Long bitter experience has shown that the Democratic Party, a capitalist party of imperialist war, mass domestic spying and savage attacks on the working class, cannot be persuaded to change its stripes. The Democrats long ago abandoned the program of liberal social reforms—however limited and inadequate—with which they were once identified. Like the Republicans, they have for the last four decades steadily sought to impose the crisis of American capitalism on the backs of the working class in the US while unleashing militarism around the world.
The promotion of illusions in the Democratic Party, however, is not the result of political naïveté when it comes to the ISO, Socialist Alternative, Mújica & Co. The move to the right by the Democratic Party has coincided with the integration of an entire layer of former middle class radicals into the political establishment. In the US and around the world the anti-war protesters of yesteryear are now the proponents of “human rights” imperialism whose more privileged lifestyles depend on a rising stock market and savage attacks on the social rights of the working class.

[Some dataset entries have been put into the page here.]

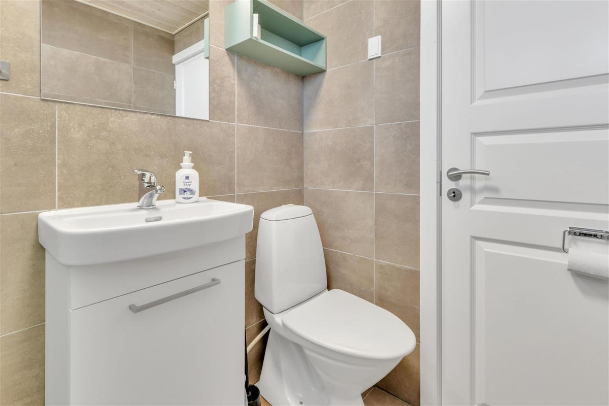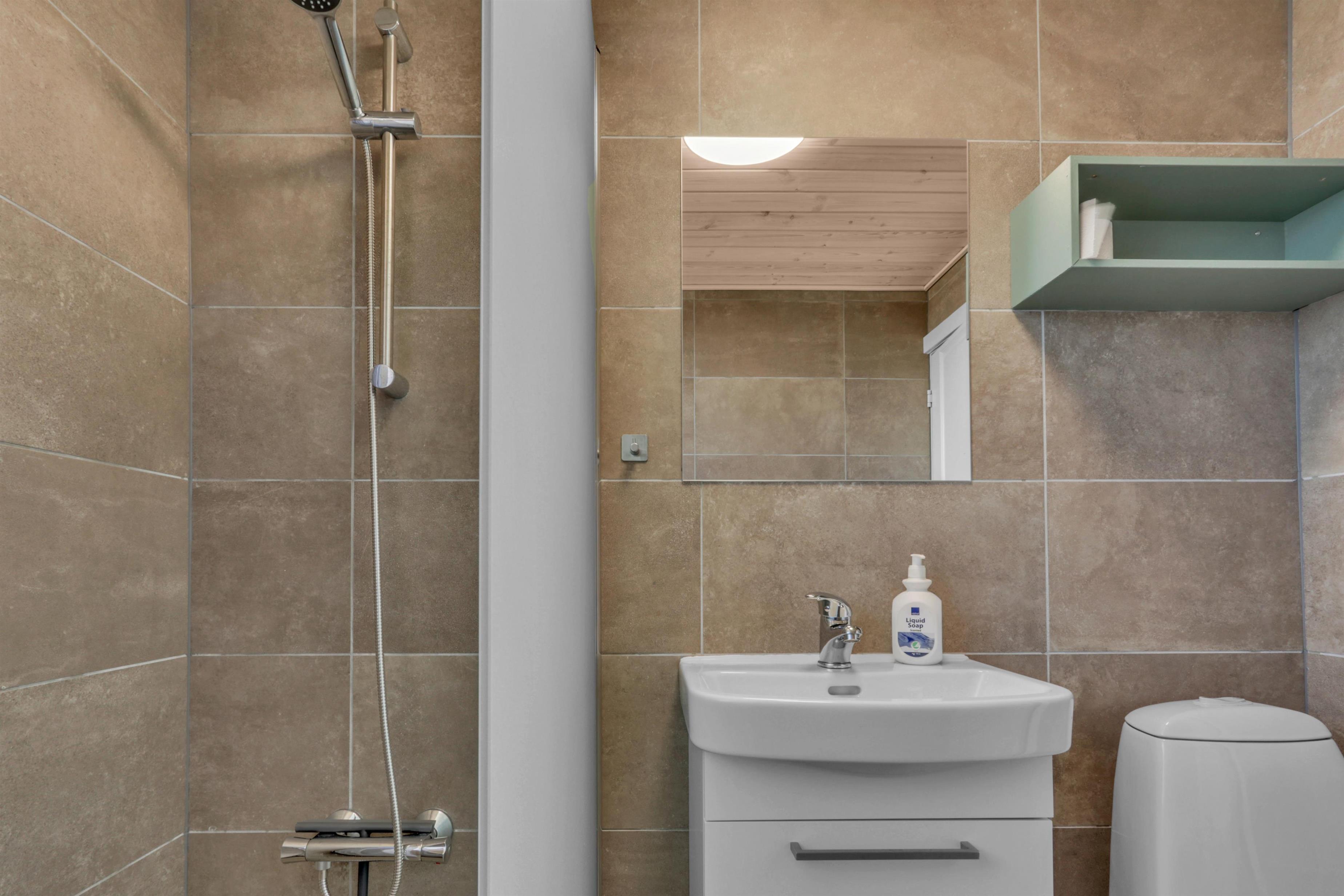 Das Badezimmer des Hauses wurde komplett renoviert und verfügt über moderne Ausstattung sowie Fußbodenheizung. Hier finden Sie eine Toilette, ein Waschbecken und eine Dusche.
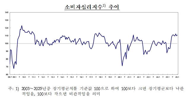 소비자심리지수는 지난해 11월 민생회복소비쿠폰의 영향으로 112.3까지 오른 뒤 12월 109.8로 2.5p 하락했다. 이후 올해 1월 110.8로 1p 올랐다.
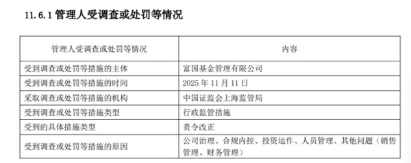 信披资料显示,2025年11月11日,富国基金因公司治理、合规内控、投资运作、人员管理、其他问题(销售管理、财务管理)违规,被中国证券监督管理委员会上海监管局责令改正。
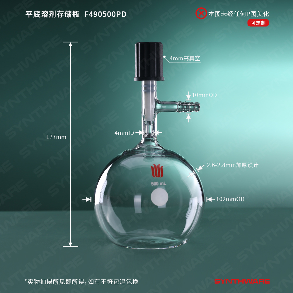 溶剂存储瓶 > 球型溶剂存储瓶 > 高真空节门-平底球溶剂存储瓶 > SYNTHWARE > 平底溶剂存储瓶,4mm高真空阀,500ml F490500PD
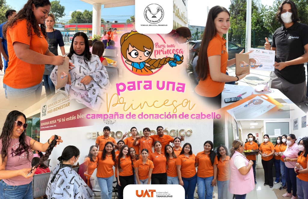 Ciudad Victoria, Tam.– Con el objetivo de brindar apoyo y esperanza a niñas que enfrentan tratamientos oncológicos, la Universidad Autónoma de Tamaulipas (UAT), a través de su Preparatoria No. 3 de Ciudad Victoria, llevó a cabo una jornada de donación de trenzas de cabello como parte de la campaña permanente “Para una Princesa”.
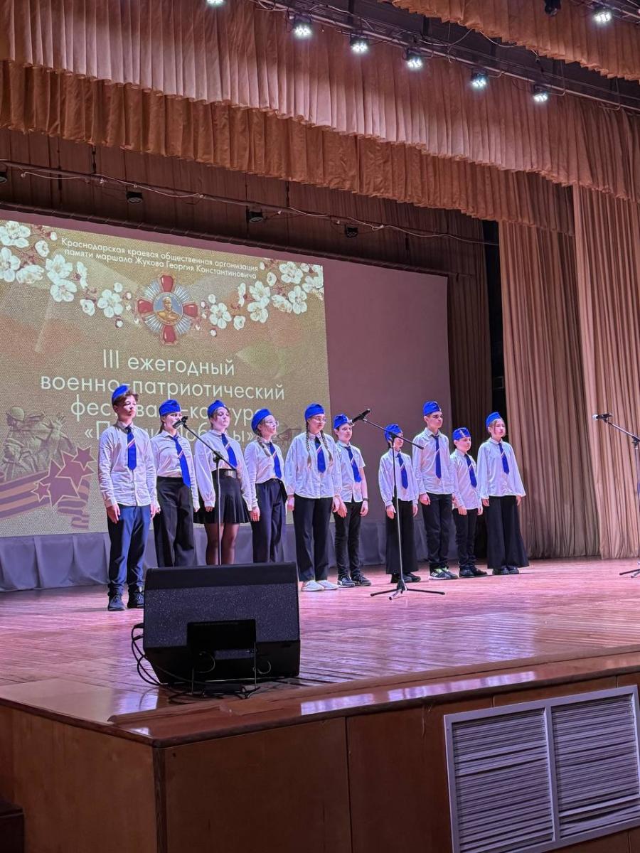 Юные Жуковцы приняли участие в краевом военно-патриотическом фестивале "Песни Победы", который прошел в городе Краснодаре. Организатором фестиваля выступила краевая общественная организация памяти маршала Г.К. Жукова.
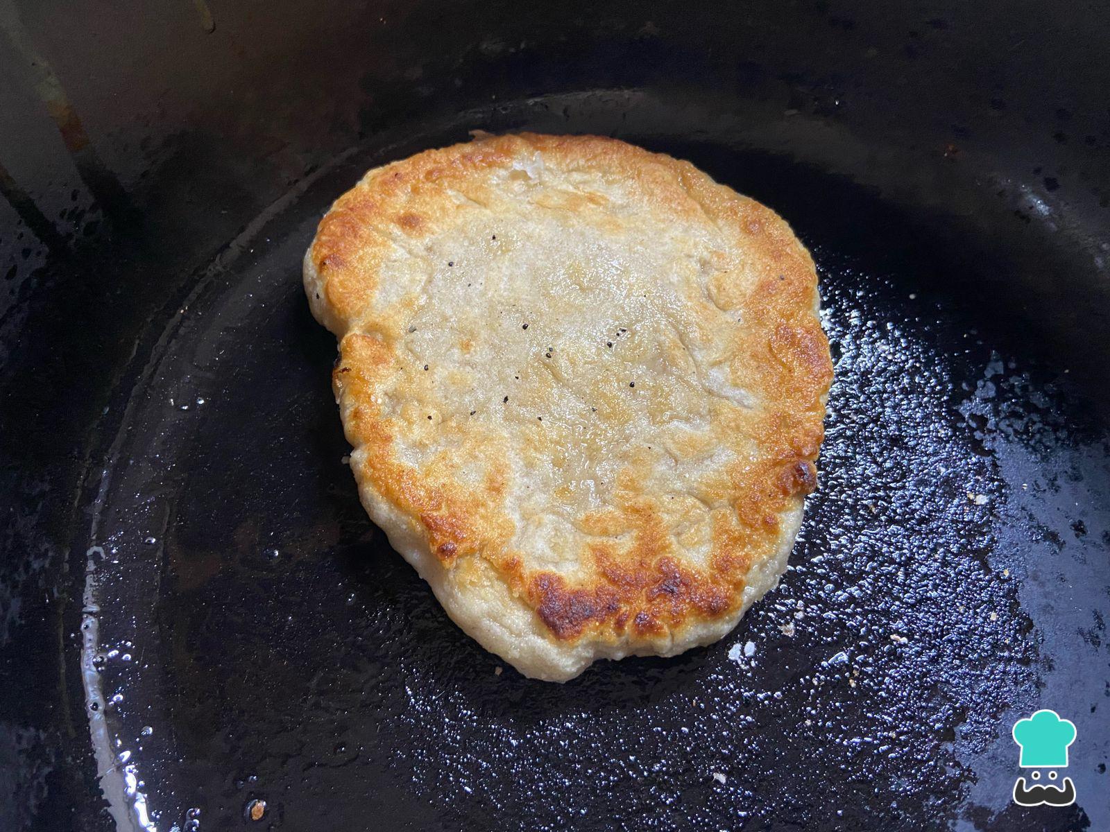 Añade el aceite en una cacerola y lleva al fuego. Cuando se haya calentado, coloca la masa y, cuando la base esté dorada, dale vuelta.
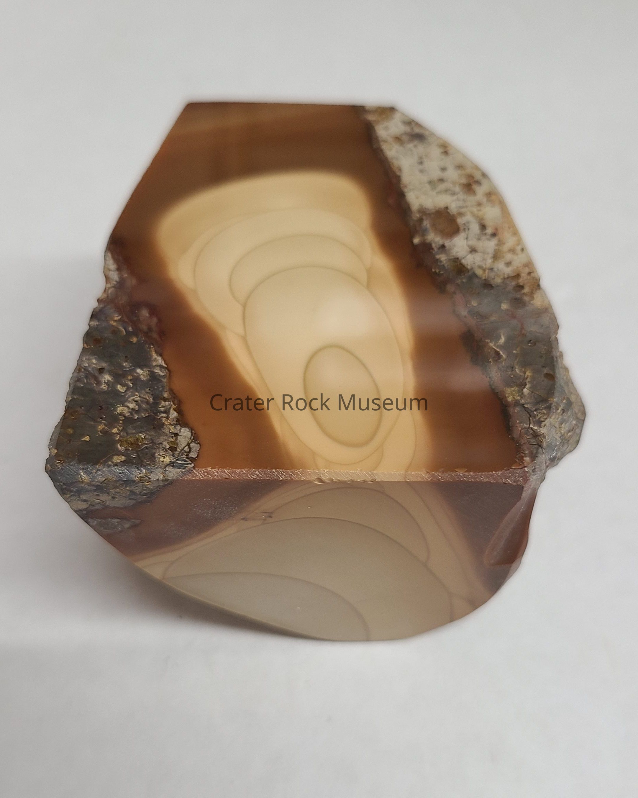 Description: Bruneau Jasper. Irregular piece with one polished face. Light tan series of concentric ellipses within a dark tan, banded matrix. Gray rock on two outer edges.
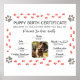Custom Puppy Birth Certificate: Personalised Keepsake for Your Furry Friend's Special Day!
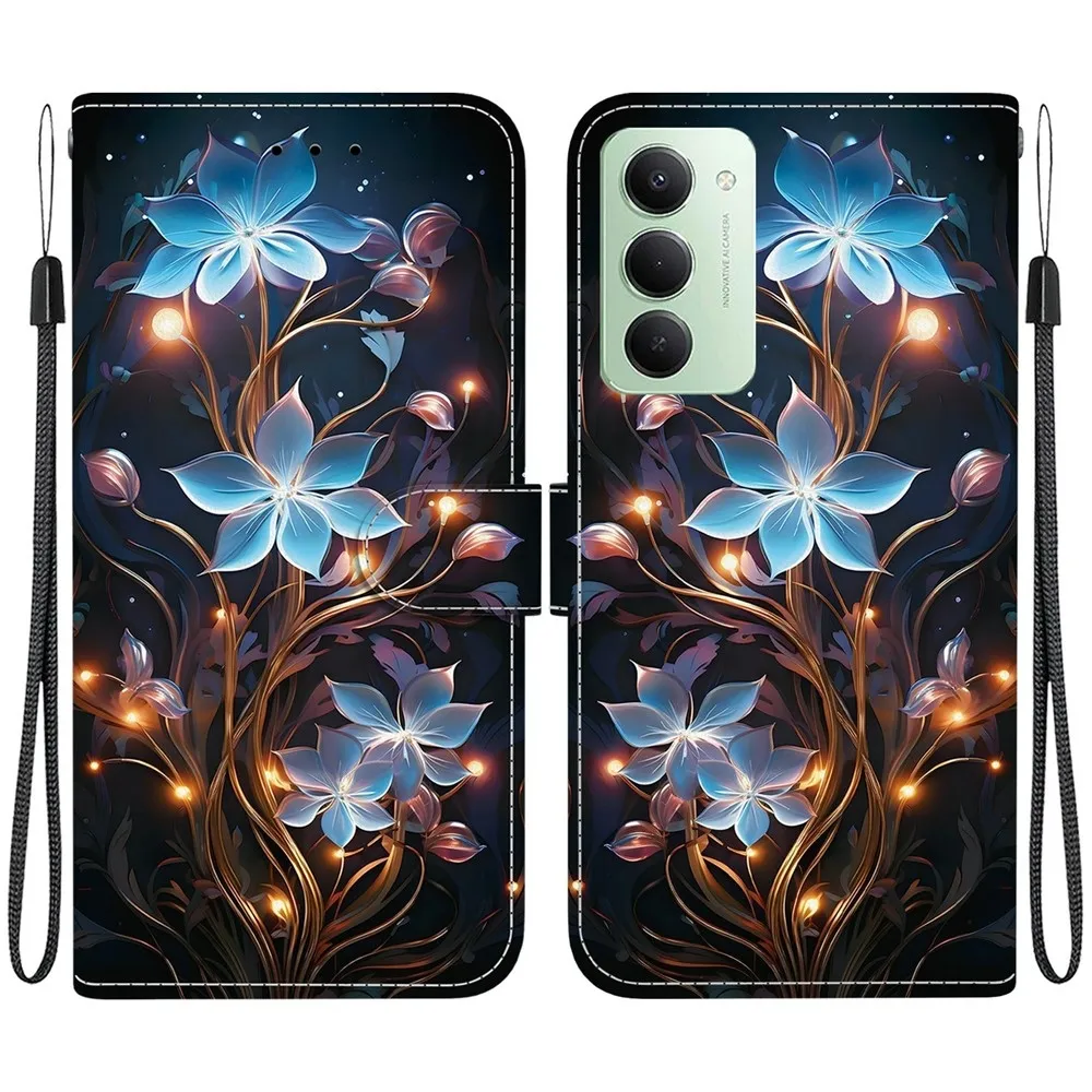 ✅【Vysoce kvalitní materiály】 Pouzdro Versatile s motivem modré květy na mobil Xiaomi Redmi 15 4G (171mm) je vyrobeno z umělé kůže v kombinaci s TPU se zářivým vzorem
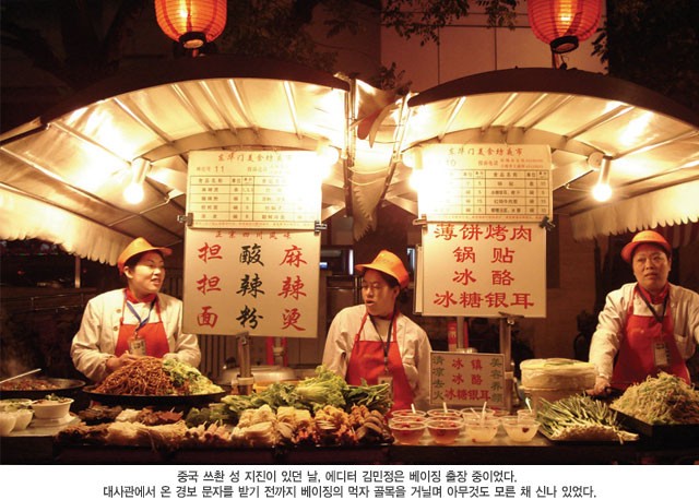 중국 쓰촨 성 지진이 있던 날, 에디터 김민정은 베이징 출장 중이었다. 대사관에서 온 경보 문자를 받기 전까지 베이징의 먹자 골목을 거닐며 아무것도 모른 채 신나 있었다. [2008년 7월호]
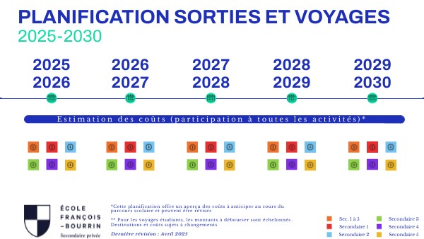 *Cette planification offre un aperçu des coûts à anticiper au cours du parcours scolaire et peuvent être révisés ** Pour les voyages étudiants, les montants à débourser sont échelonnés . Destinations et coûts sujets à changements Dernière révision ; Avril 2025
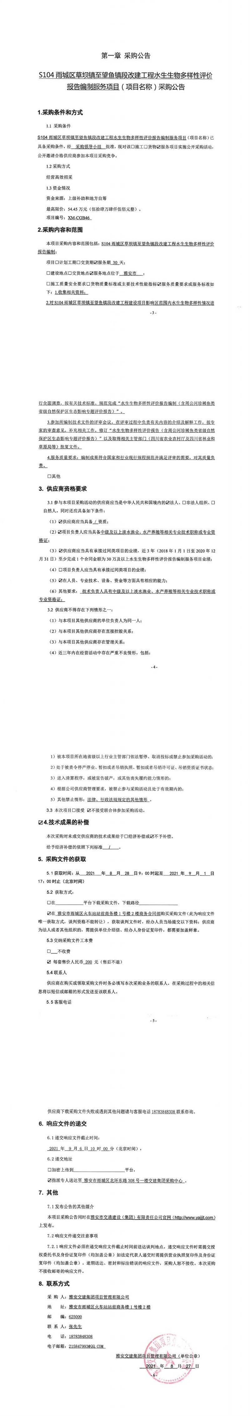 雅安交建集團項目管理有限公司S104雨城區(qū)草壩鎮(zhèn)至望魚鎮(zhèn)段改建工程水生生物多樣性評價報告編制服務項目采購公告
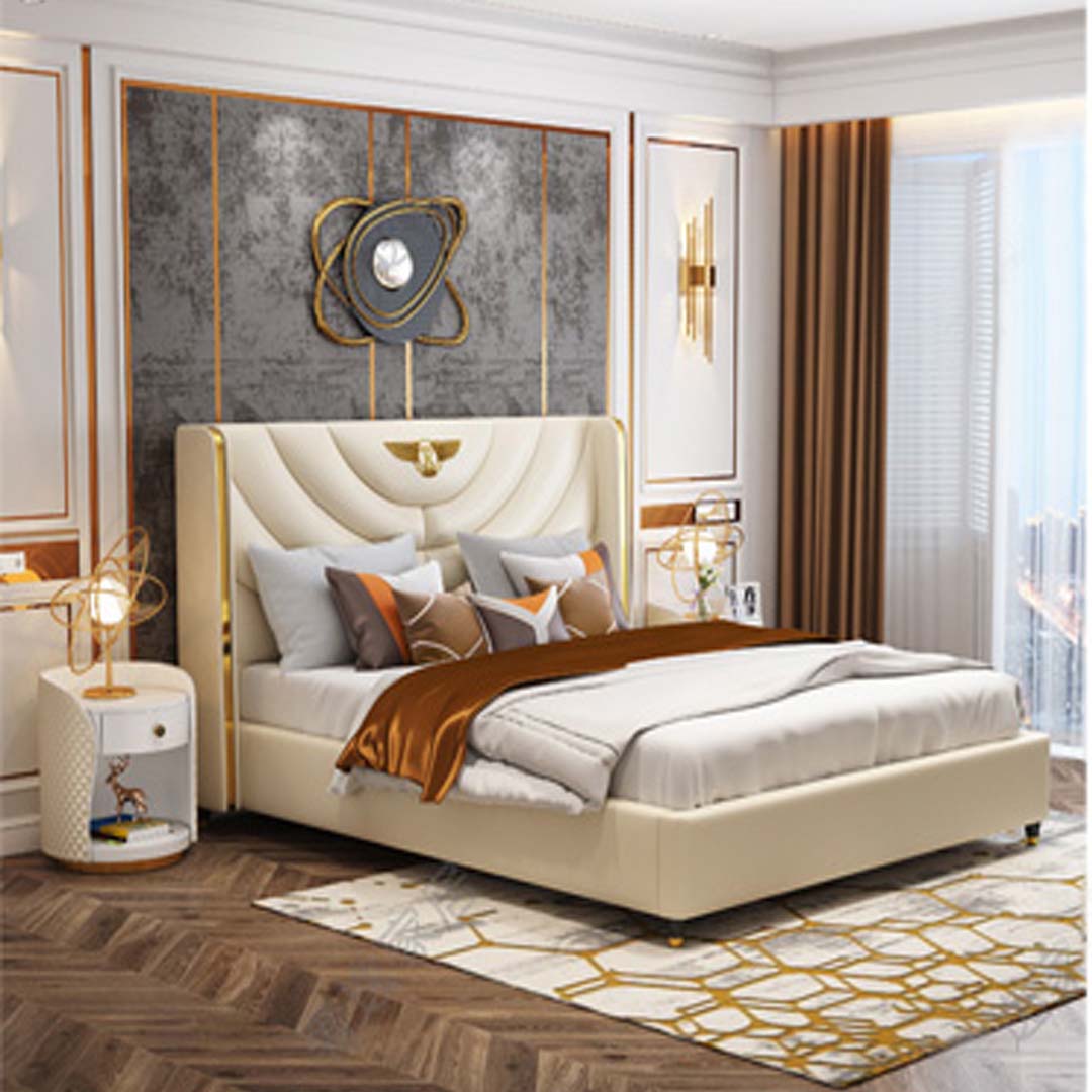 Entspannen Sie in purem Luxus mit unserem Holz Design Bett Doppel von XL Moebel. Dieses moderne Bettgestell ist perfekt für das Schlafzimmer eines Luxushotels oder für Ihr Zuhause geeignet. Hergestellt aus hochwertigem Holz und Kunstleder, bietet dieses Bett eine Liegefläche von 180 x 200 cm, ideal für erholsame Nächte. Die Maße betragen ca. 202 cm Länge, 125 cm Höhe und 208 cm Breite. Die elegante Farbe und das stilvolle Design machen dieses Bett zu einem echten Hingucker. Gönnen Sie sich den Komfort und die Eleganz, die Sie verdienen, mit unserem modernen Holz Design Bett Doppel.

The discrediting of Obama and the Democratic Party, particularly in the eyes of young people and workers hit hardest by the economic crisis and the administration’s austerity measures, has produced a shift to the left in the population and a growing receptivity for socialist and revolutionary politics.
The Chicago Socialist Campaign is part of a series of political maneuvers to create a new trap for the working class and fill the “space opening up in mainstream politics to the left of the Democratic Party,” as one publication approvingly cited by the ISO noted.
In Oakland, the ISO is backing the campaign of Dan Siegel, former legal adviser to Democratic Mayor Jean Quan, while in New York, ISO member Brian Jones is running as a Green Party candidate for lieutenant governor on a ticket headed by longtime Green Party leader Howie Hawkins.
Similarly in Chicago, the ISO hopes to support Chicago Teachers Union president Karen Lewis—who sold out the 2012 teachers strike—as a mayoral candidate against Rahm Emanuel. Lewis’ supposed “independence” has already been demonstrated by her gushing support for the reelection of Democratic Governor Pat Quinn, who has attacked public worker pensions and the rights and conditions of teachers in Chicago and other cities.
As social conditions in the US and around the world grow increasingly explosive, and the working class and youth become alienated from the traditional parties, these fake left organizations are attempting to fill the political vacuum and secure the interests of the privileged social layers they represent. Most of all, they fear the emergence of a political movement of the working class that is genuinely independent of the ruling class.